Observing these failures from other forgers who’d been caught, van Meegeren began to take risks. Instead of holding steadfast to Vermeer’s previous themes, van Meegeren set out to paint very different scenes while still maintaining Vermeer’s artistic signatures. 

Most critics at the time agreed that there were at least 15 Vermeers (in addition to the 35 proven to be real) that had been lost with time; this provided van Meegeren’s fakes with a plausible backstory.

The $35,000,000 Fakes

a group of women sitting at a table

The Supper at Emmaus (Han van Meegeren’s forgery, 1937)

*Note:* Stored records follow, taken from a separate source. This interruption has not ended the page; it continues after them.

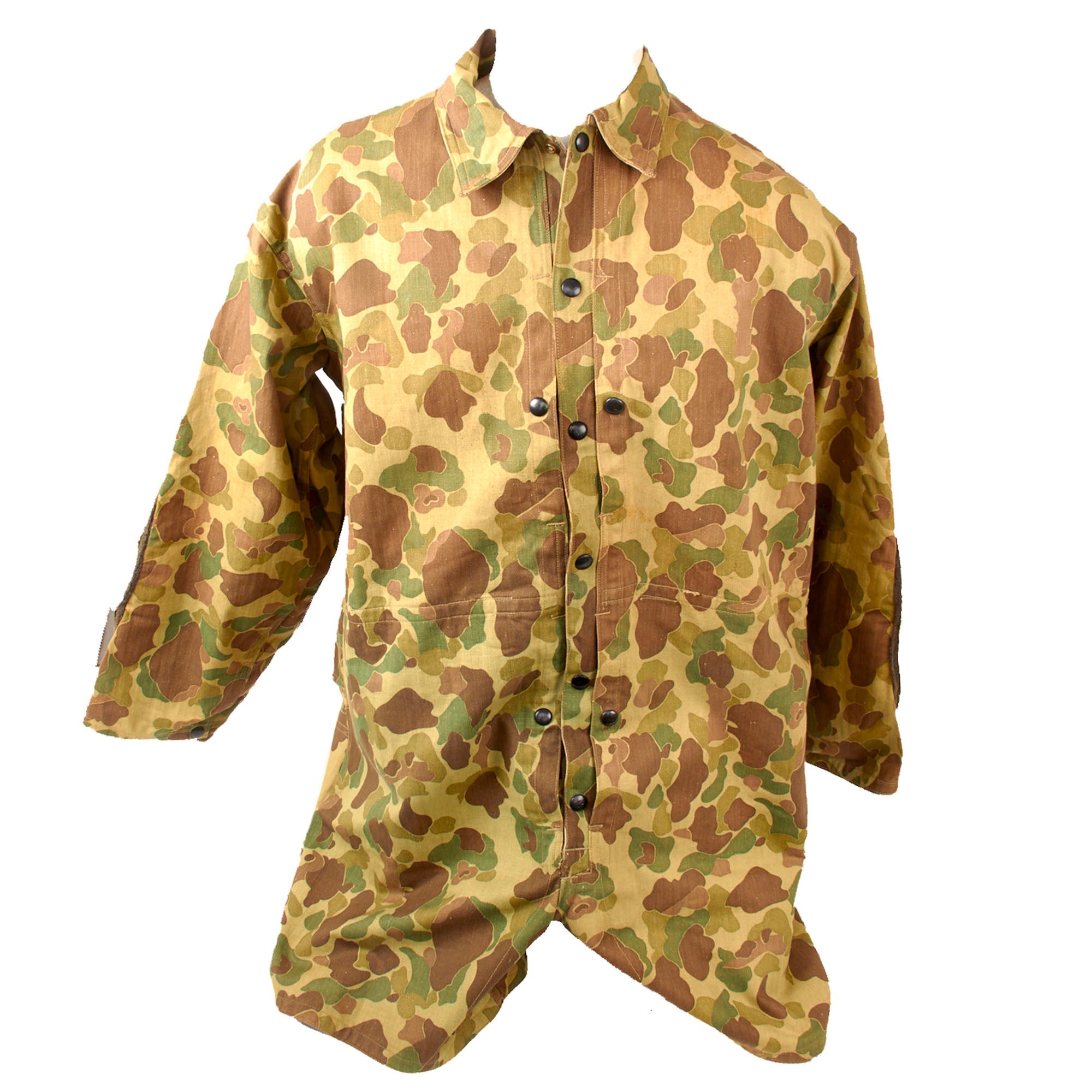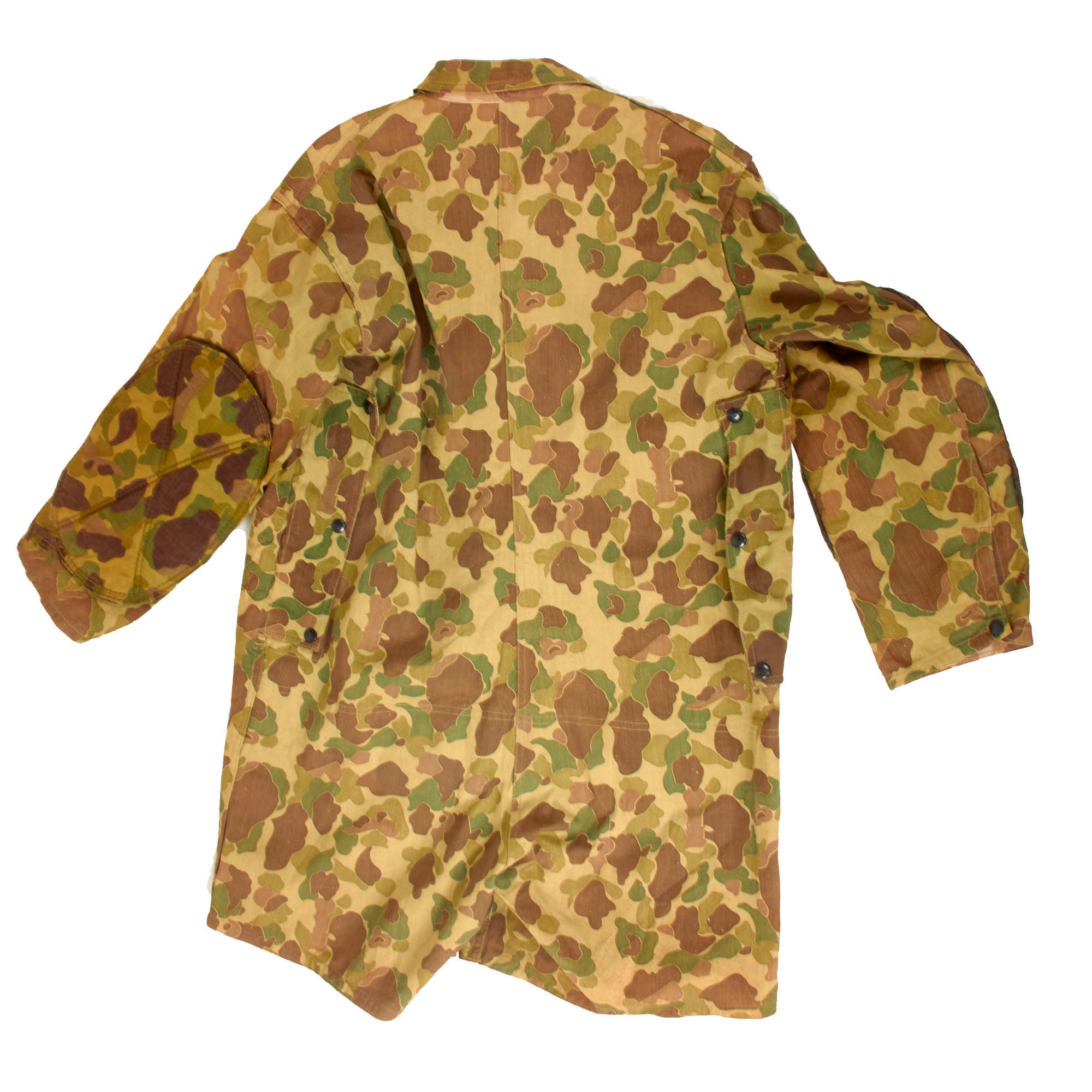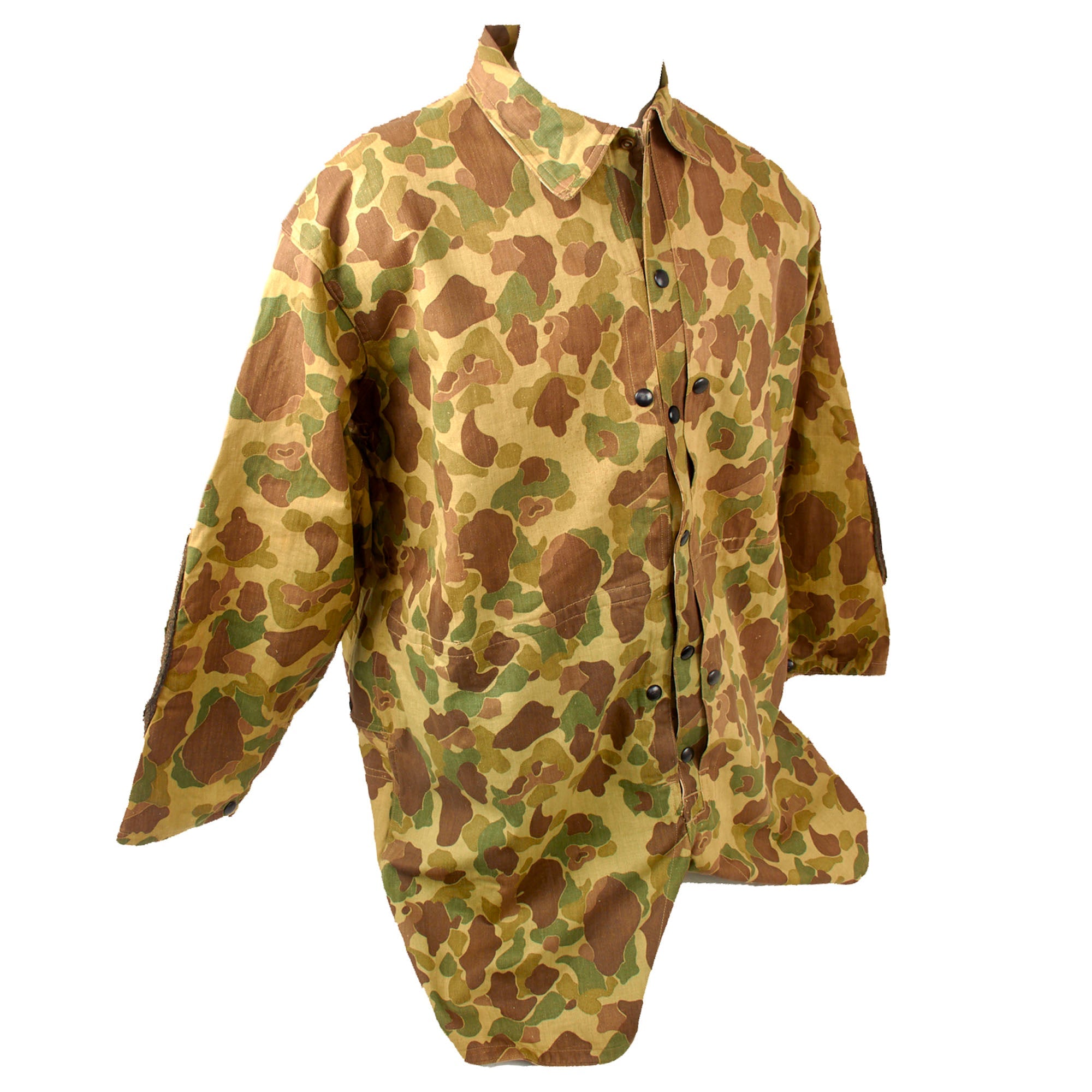 Original Item: Only One Available. This is a genuine, ultra rare, USMC 3rd pattern Step-in smock, quite similar in design to the early German paratrooper's smock. This rare example of a virtually unissued third type jump smock is made from double-sided herringbone twill cloth, with a mixed green/tan/brown jungle pattern camouflage on one side and a brown/tan beach pattern camouflage on the reverse. Configured in the "step-in" style, with black buttons. A large pocket is present on either side of the back, accessible via a 3-snap flap on the "jungle" side and a set of "Talon" branded zippers on the "beach" side. Stamped size "A" (Small). Of particular note are the integral elbow pads on each arm. It is also stamped #38 twice on the interior.
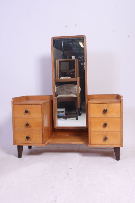 A Gordon Russell of Broadway, Worcestershire oak chest of drawers. The upright chest with a bank of drawers having gallery surround top. Makers plaque to rear. Matching Dressing Table & Stool, Bed & His-Hers Wardrobes in surrounding lots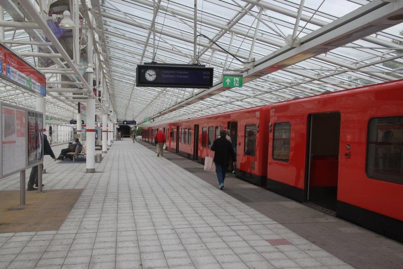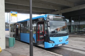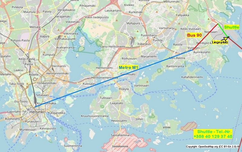 Der Shuttle-Bus (Tel.-Nr. +358 40 129 37 45) bringt uns zum Gate, dort (Station: Hansa-Terminal) können wir direkt vor dem –auch von Finnlines genutzten– Terminal in den Linienbus der Linie 90 steigen (Fahrkarte beim Fahrer), der uns bis zur Metrostation in Vuosaari bringt. Wir könnten jetzt mit der gleichen Fahrkarte mit der Metro weiter nach Helsinki fahren; tun wir aber nicht.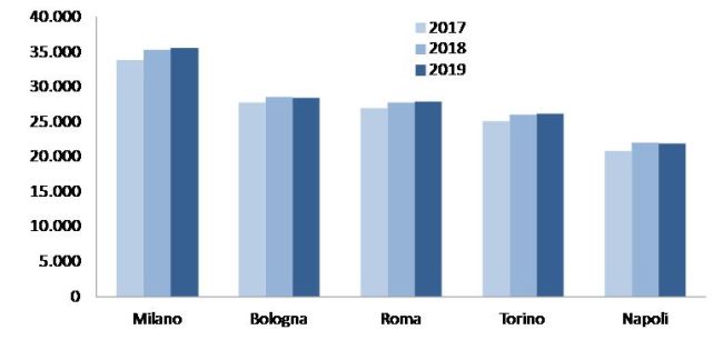 Redditi lordi nelle principali città italiane, anni 2017-2019 (valori medi in euro)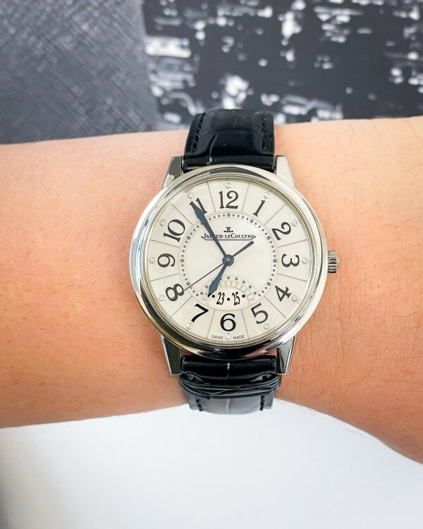 Jaeger LeCoultre Rendezvous 37mm watch with a silver mother of pearl dial and black crocodile leather strap.

Though van Meegeren had acquired the skills to produce Vermeer forgeries, he had no knowledge of how to sell them. By chance, he met Theo van Wijngaarden, a shady art restorationist who’d purchase cheap pictures, move them to contacts in other European countries, and sell them at a massive profit. With his network of “well-placed accomplices,” Van Wijngaarden had operated since the turn of the century without detection, but lacked the talent to produce the artworks himself. The two agreed to join forces just as van Meegeren completed his first master forgery.

During his studies, van Meegeran had learned that Vermeer greatly appreciated the work of Italian painter Michelangelo Merisi da Caravaggio, though he’d never created a work inspired by it. Throughout 1936 and 1937, Van Meegeren analyzed the Italian’s best known work, “Supper at Emmaus,” then went about replicating it in the style of Vermeer, complete with affectations: “Wormholes, yellowed varnish, soilage, and, for good measure, a poorly repaired rip.” He titled the work with the same name — “Supper at Emmaus” — and went about peddling it to the art world.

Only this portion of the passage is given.